Fifty five years later the only Scar I received I wear it like an Emblem of my Stupidity. He saved my Life to tell that there are Great people out there and they should be Sought out.

In this Life I was always fortunate to have Known some Great People. John Gutfreund was one, I will forever be dropping his Name, he was an Influencer. Regardless of his Stature he was first a Human Being and a Humble Man with Millions. His Money didn’t make him act like he was Special and looked down on anyone, including me. Then there was Mrs P, I met her while living in Pennsylvania. She was a Third Generation Polish Woman who’s Family Members were Diamond Retailers. She Married a Black Man who supported his Family well enough.
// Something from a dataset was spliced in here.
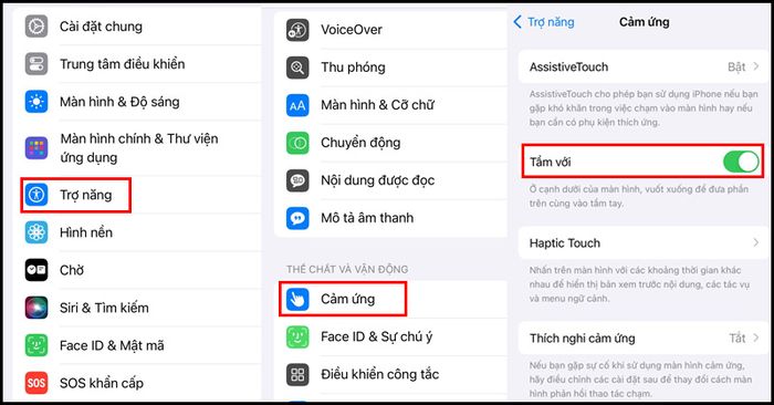 Tính năng tầm với trên iPhone có thể là nguyên nhân khiến cho bàn phím iPhone không hiển thị. Hãy thử vô hiệu hóa tính năng này theo các bước sau: Truy cập Cài đặt > Trợ năng > Cảm ứng > Tắt Tầm với.

They had three Children, two Boys who shadows their Father, the Girl took her Mother’s Complexion, sixty five Percent yet she was considered Black. She knew different she wasn’t White and she wasn’t Black. She was a Human Being, Grateful for Life in any Skin. We were great Friends, Her Husband was fourth Generation Polish American we also were Friends. Nonetheless he had underlying Hate. I have no idea what his problems were, Hitler stomped all over his People. Persecution been around before Jesus, it will never end, that’s just the way Humans are. If you know your History you walk with Pride and Humility. One Day while traveling to the Jobsite with the Boss who was a Die Hard Hater, The Radio was set on The Howard Stern Show.



 

One of his Guests made a Comment that Black People were incapable of taking Care of themselves and maybe they were better off in Slavery. He was an Idiot and whoever listened were the same. They both cracked up with Hilarious laughter they showed their true Colors and their Insensitivity. So you see I have been Fortunate to have Known the Good the Bad and the Ugly Americans. Yet I keep searching for the five Percent. I never let the Mass put a Damper on my search for Cool People who just wanted to get along with each other. Years later I moved to Florida into a Gated Community That had never seen a Black Resident before me. Nevertheless you could not tell by the way they treated me with Fellowship and Respect. Many of us became good Friends we visited each other’s Home and Socialized.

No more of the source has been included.